One cannot but agree with the reasoning of S.A. Askoldov that in a number of works, in particular, in "The Teenager", Dostoevsky categorically condemns the idea of ​​"virtue without Christ": but sees in it the greatest temptation and the principle of destruction.The public good, if it is not based on the precepts of Christ, will certainly fatally turns into malice and enmity, and the seductive good of mankind becomes only a seductive mask that is essentially evil and based on the hostility of the public ... "45

What the inevitable fall of this mask and the triumph of evil that it covered up could lead to is well predicted by Dostoevsky in Rodion Raskolnikov's prophetic dream in the epilogue of Crime and Punishment. It makes sense to recall him in full: “He dreamed in his illness that the whole world was condemned as a victim of some terrible, unheard of and unprecedented pestilence coming from the depths of Asia to Europe.
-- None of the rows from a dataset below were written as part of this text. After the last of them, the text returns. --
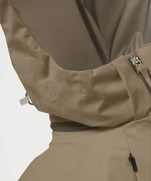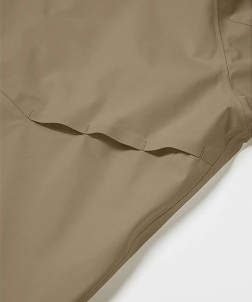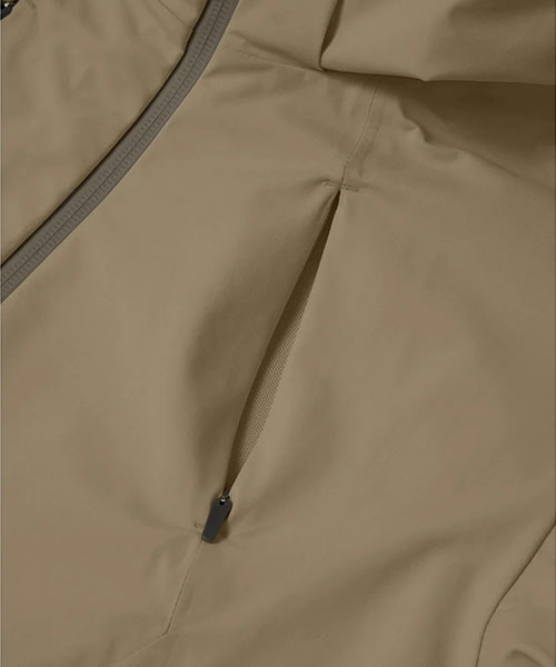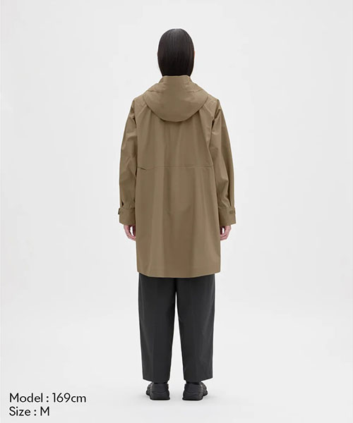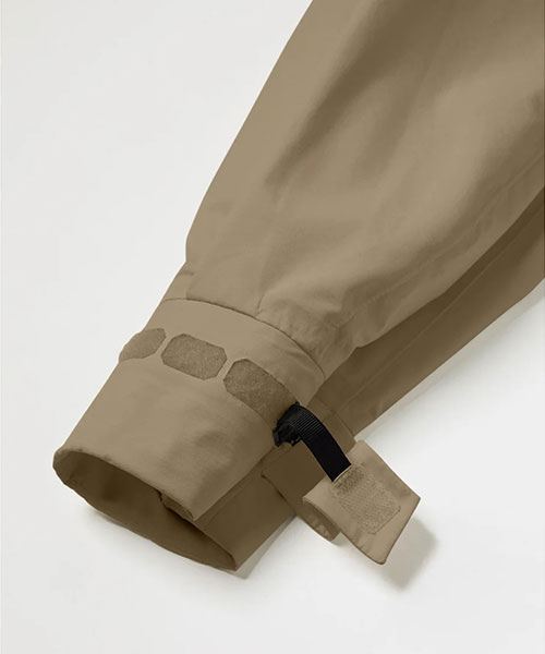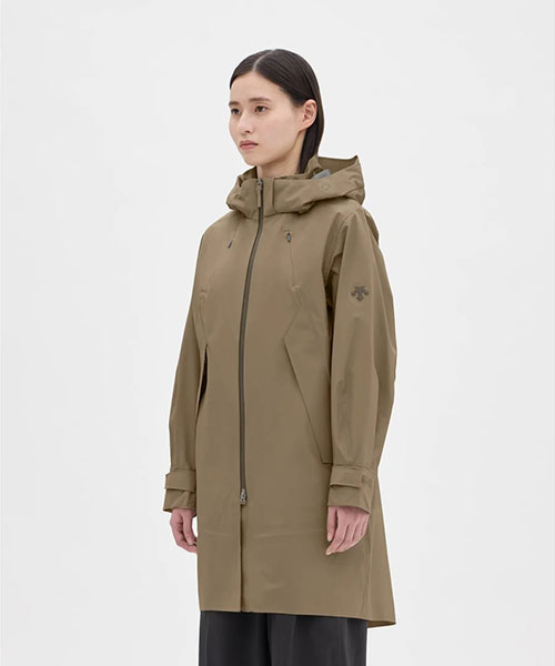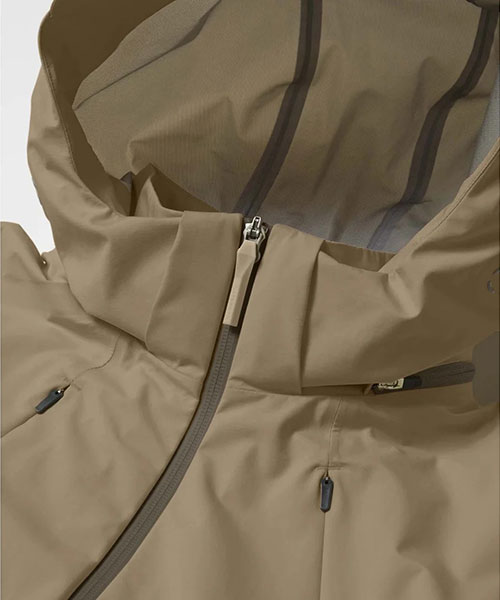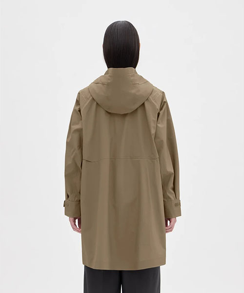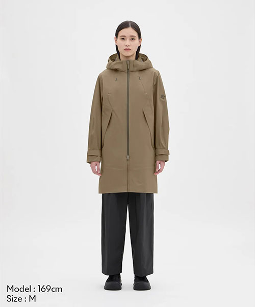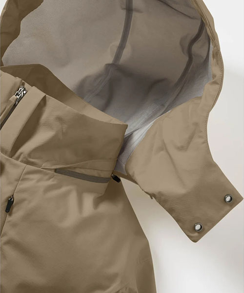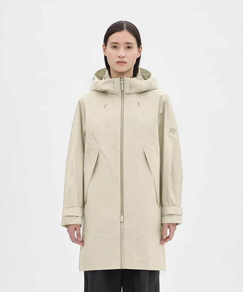 表地はDermizax素材、耐水性と透湿性を追求。袖のボリューム感と身頃のゆったりとしたバランスに拘って仕上げたデザイン。スカートなどの女性らしいアイテムに合わせた着こなしもおすすめ。また、フードにはCohaesiveコードロックシステムを備え、迅速かつ容易にフィット感を調節することが可能。
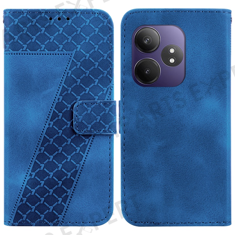For Realme GT Neo6 SE 5G / Neo6 5G / 6T 5G / 6 5G Stand Case 7-Shaped Pattern Imprint Leather Phone Cover - Blue
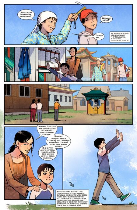 На первых страницах комикса уже можно заметить, что Алтан по национальности — бурят. И, что интересно, диалоги между персонажами происходят на традиционном бурятском языке, тем самым добавляя аутентичности и глубины к культурному контексту.
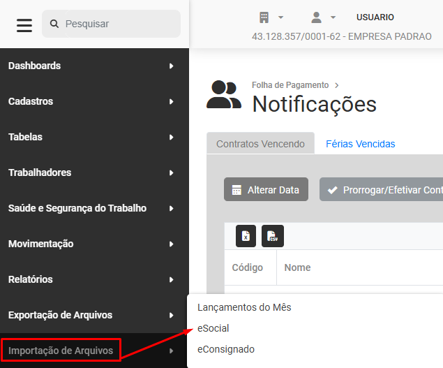 Importação do XML do eSocial
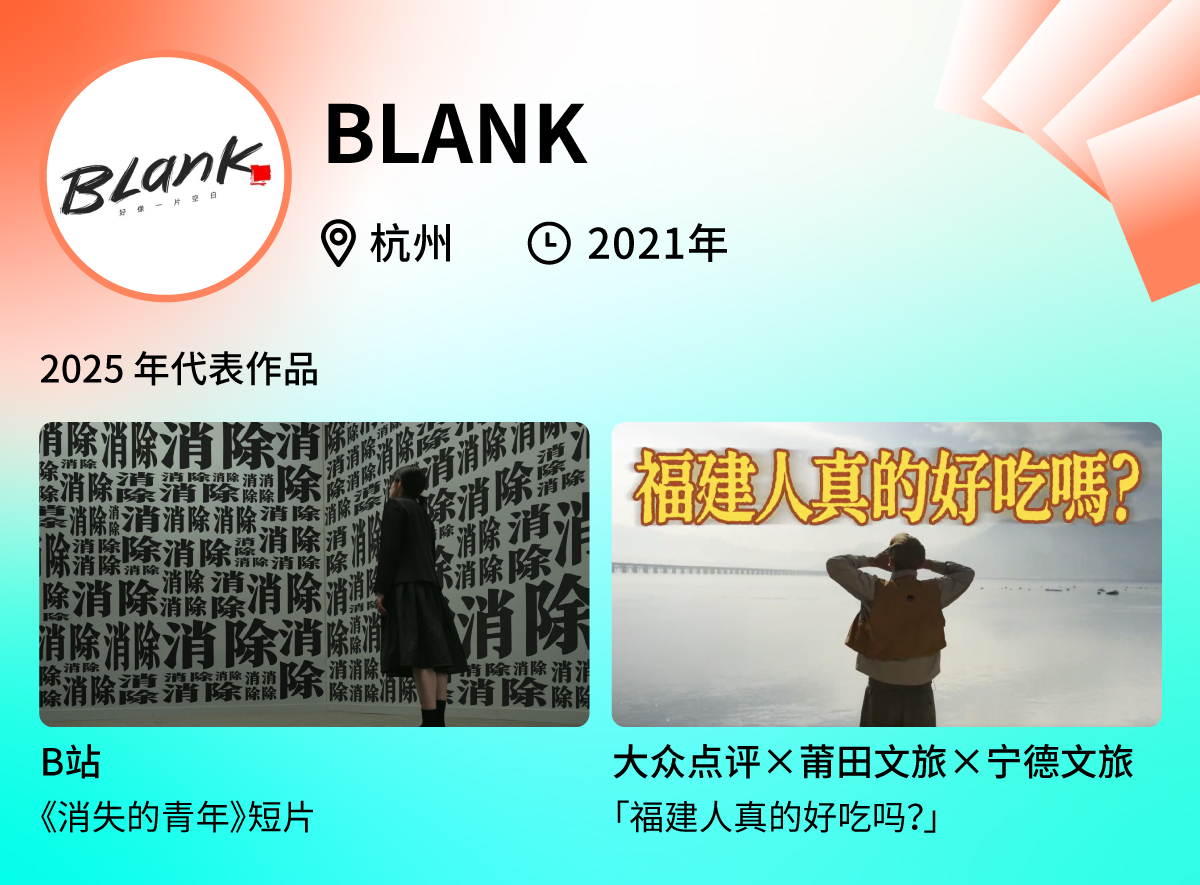 BLANK 想必大家并不陌生,曾出品过 B站《大魔术师》广告片、美团外卖 × 回春丹乐队「回春就在这一单」、小红书「生活大学开学典礼」Campaign 等圈内现象级案例。独立运营以来,他们迅速成长为行业中不可忽视的创意新力量。
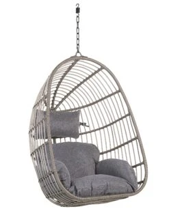 Een stabiel stalen frame gecombineerd met een prachtige gevlochten mand in een kleur die in elk interieur past en een feel-good karakter aan de ruimte geeft. Dankzij het sterke ketting-ophangsysteem kun je heerlijk heen en weer schommelen. De charmante boho-look van dit model en de zachte, waterbestendige kussens zorgen voor een onbezorgd gevoel, zodat het verblijf op de veranda, het balkon of in de slaapkamer een heerlijk avontuur wordt.

Everyone was to die, except for a few, very few, chosen ones. some new trichines, microscopic creatures that inhabited the bodies of people. But these creatures were spirits, endowed with mind and will. People who took them into themselves immediately became demon-possessed and crazy ... "46

These are the reasons, and then the consequences of this demonic possession: “But never, never did people consider themselves as smart and unshakable in truth as the infected considered. They never considered their judgments, their scientific conclusions, their moral convictions and beliefs more unshakable ...” Dostoevsky was convinced, and repeatedly spoke about this in his articles, that socialist ideas are the fruit of only "headwork" and have nothing to do with real life. This is discussed in the above excerpt from the dream. The next stage of demoniacness is the introduction of the theory into life, into the heads of "trembling creatures": "Entire villages, entire cities and peoples were infected and went crazy. Everyone was in anxiety and did not understand each other, everyone thought that the truth was in him alone and suffered, looking at others, beat his chest, wept and wringed his hands ... "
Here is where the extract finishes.